Each line from the first line of the entries through the line holding "नेपालगञ्जस्थित जिल्ला प्रशासन" is to be restated word for word; nothing else, and no picture, belongs in the answer.

Collection entries
__________
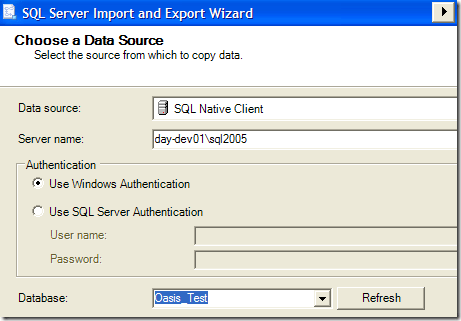 Next, you need to choose the Data Source. If you right-clicked on the database name, then everything should come up automatically.
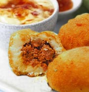 4. Spread a spoonful of the potato dough mix in the palm of your hand. Make an indentation in the middle and stuff it with the meat mixture.
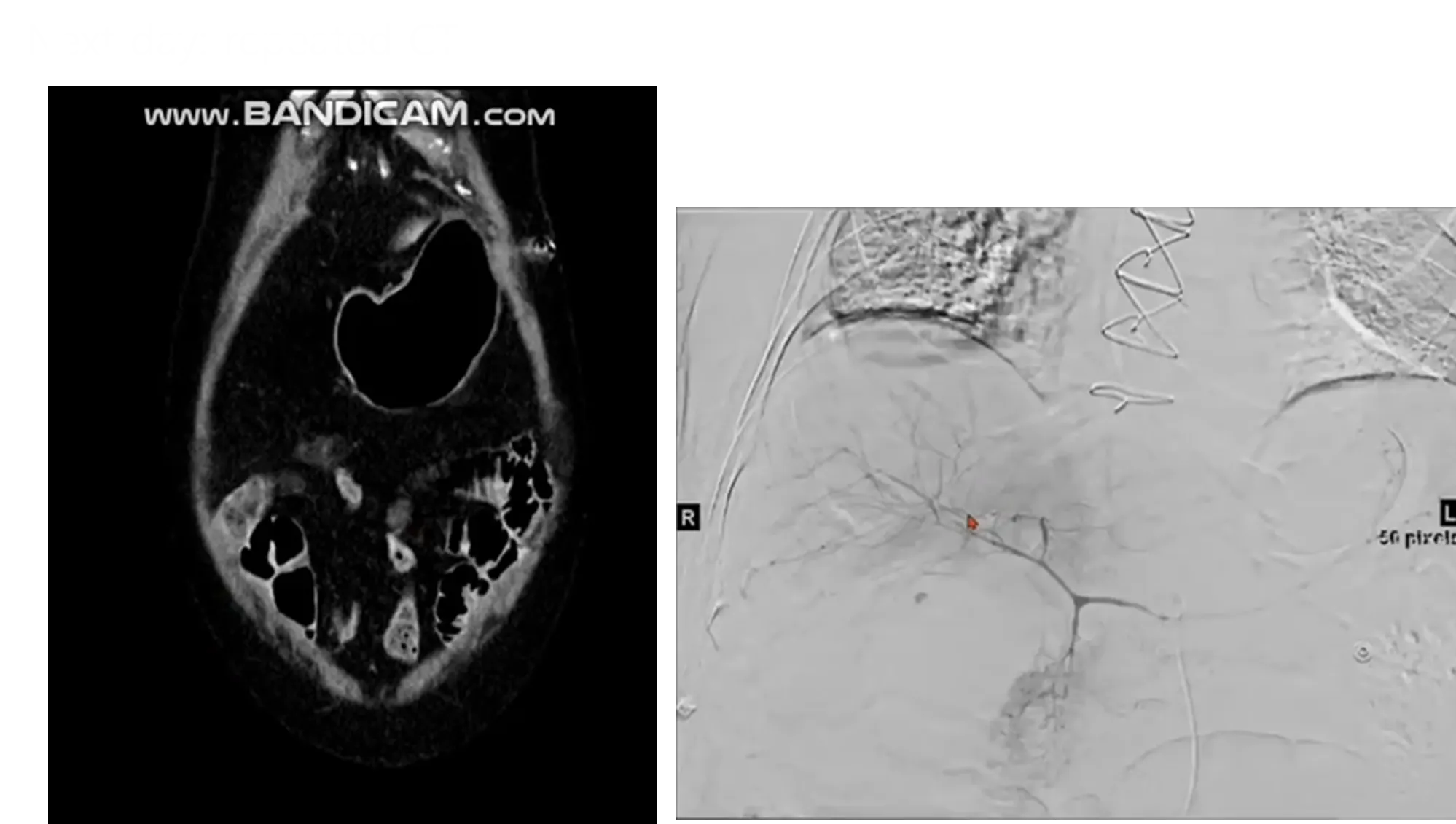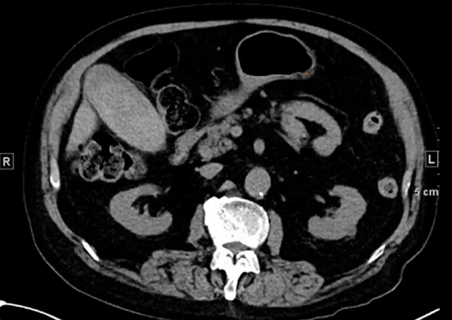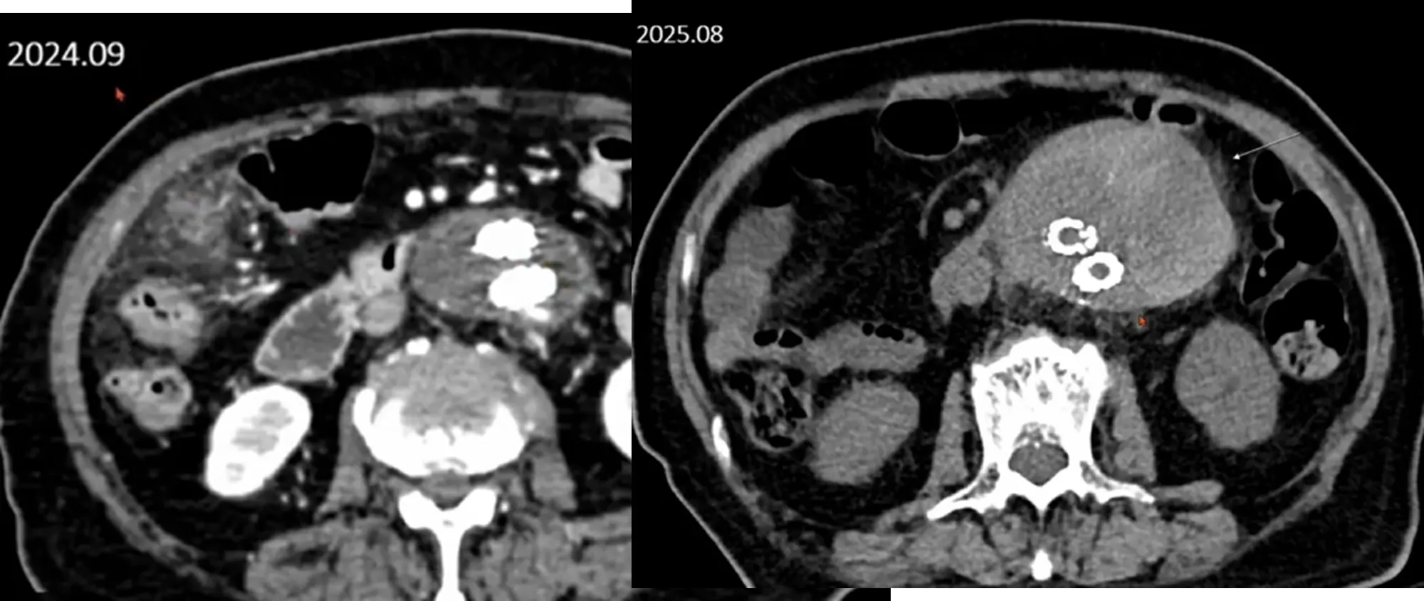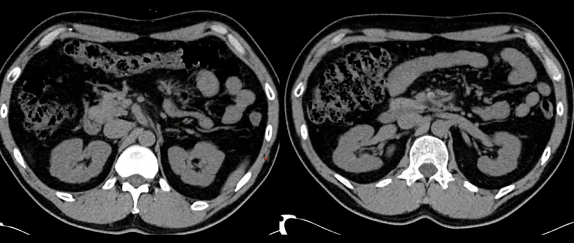 Aggravation of abdominal pain ⇒ F/U with non-contrast CT
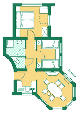 Das Appartement 4 hat 65 m² und zwei Schlafzimmer (1 Doppelbettzimmer, 1 Einbettzimmer mit Ausziehcouch) ist mit einem großen Balkon und einem großen Abstellraum ausgestattet. Weiters gibt es einen freundlichen Wohnbereich mit Küche, Essbereich und einem Bereich mit einem ausziehbahen Schlafsofa und TV.
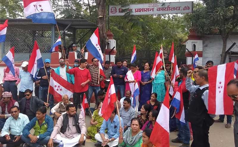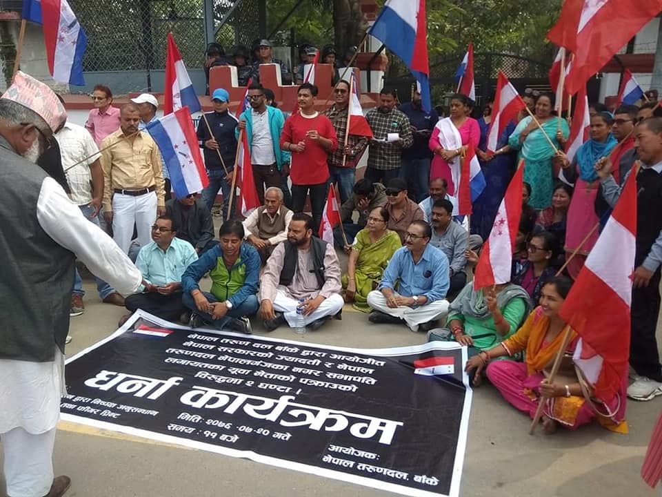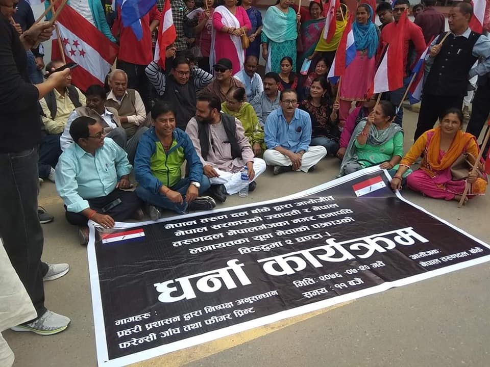 नेपालगञ्जस्थित जिल्ला प्रशासन कार्यालय बाँकेको मुख्य द्वारमा नेपाल तरुण दलका नेता तथा कार्यकर्ताले धर्ना दिएका हुन् ।
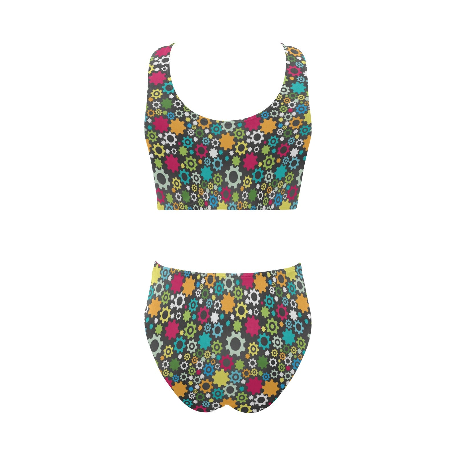Gear Pattern Print Design 03 Chest Bowknot High Waisted Bikini Swimsuit
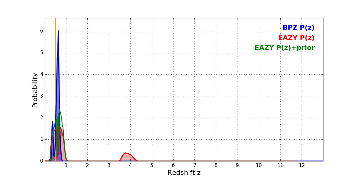 In P(z) plots: Yellow lines mark the cluster redshift z = 0.505,
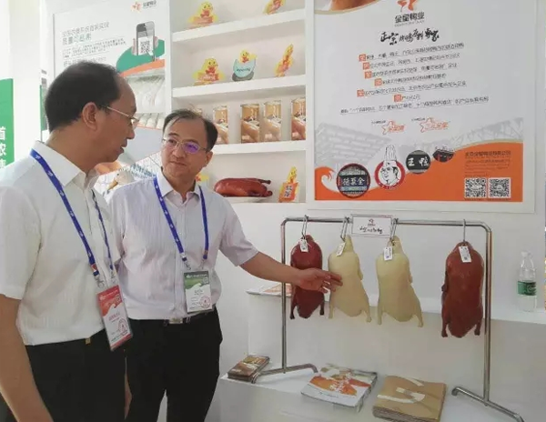 首農(nóng)集團董事、首農(nóng)股份董事長尹彥勛在金星鴨業(yè)總經(jīng)理王凱的陪同下蒞臨北京鴨展位參觀并指導工作。
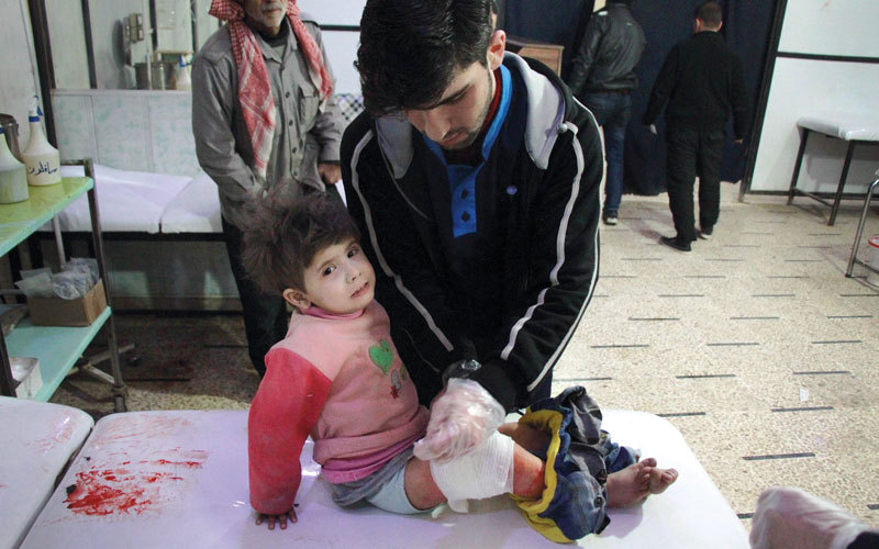 طفلة تتلقى العلاج بعد إصابتها بغارة للنظام على مدينة دوما المحاصرة. أ.ف.ب
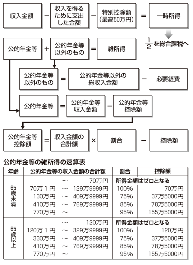 文字どおり雑多なものが含まれますが、とくに重要なのは厚生年金・国民年金・恩給などの公的年金などでしょう。公的年金等の雑所得の金額は、下記の図表のような速算表で計算されますが、65歳未満と65歳以上で計算が異なるので注意してください。
__________
Your response:
 Next, you need to choose the Data Source. If you right-clicked on the database name, then everything should come up automatically.
 4. Spread a spoonful of the potato dough mix in the palm of your hand. Make an indentation in the middle and stuff it with the meat mixture.
 Aggravation of abdominal pain ⇒ F/U with non-contrast CT
 Das Appartement 4 hat 65 m² und zwei Schlafzimmer (1 Doppelbettzimmer, 1 Einbettzimmer mit Ausziehcouch) ist mit einem großen Balkon und einem großen Abstellraum ausgestattet. Weiters gibt es einen freundlichen Wohnbereich mit Küche, Essbereich und einem Bereich mit einem ausziehbahen Schlafsofa und TV.
 नेपालगञ्जस्थित जिल्ला प्रशासन कार्यालय बाँकेको मुख्य द्वारमा नेपाल तरुण दलका नेता तथा कार्यकर्ताले धर्ना दिएका हुन् ।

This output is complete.